Irgendwann Ende der 90er spielte ich ein Turnier in Warendorf.
Es war eine kleine, gemütliche Anlage. Die Auslosung wollte, dass ich in der ersten Runde gegen die Nummer zwei des Turniers ran musste.
Sein Name war David.
Er spielte extrem unspektakulär. Von der Nummer zwei des Turniers erwartete ich, dass sie mich vom Platz pustet. Dem war aber nicht so.

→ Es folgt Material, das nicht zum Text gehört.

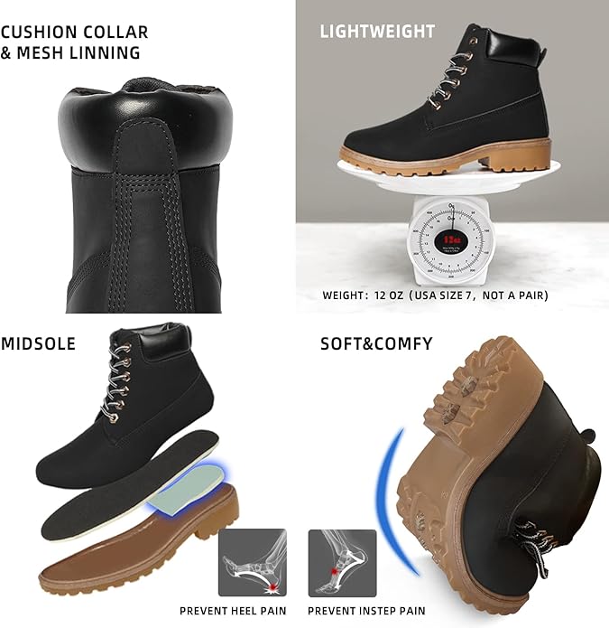 - 【Lightweight & Protective】: Our round hard toe boots are designed to be lightweight while offering protection for your feet. Weighing only 12 oz (per item), they are perfect for work, hiking, backpacking, construction and more.
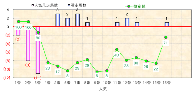 人気凡走馬:1-3番人気で着外、激走馬:5-18番人気で入着 |

David verstrickte mich in lange Rallys.
Er spielte ungemein sicher. Fast jeder Ball von ihm kam kurz vor die Grundlinie. Er spielte mit viel Topspin, was es noch schwieriger für mich machte. Seine Rückhand war besser als seine Vorhand. In seinen Schlägen war ein Tempo und ein Drall, den ich zuvor nicht kannte. Obwohl es, wie gesagt, eher unspektakulär war, was er in den Ballwechseln spielte. Die Effizienz spürte ich aber auf meiner Bespannung. Es war eine echte Konzentrationsaufgabe seine langen, mit viel Spin gespielten Bälle zu kontrollieren und diese mit Qualität zurückzuspielen.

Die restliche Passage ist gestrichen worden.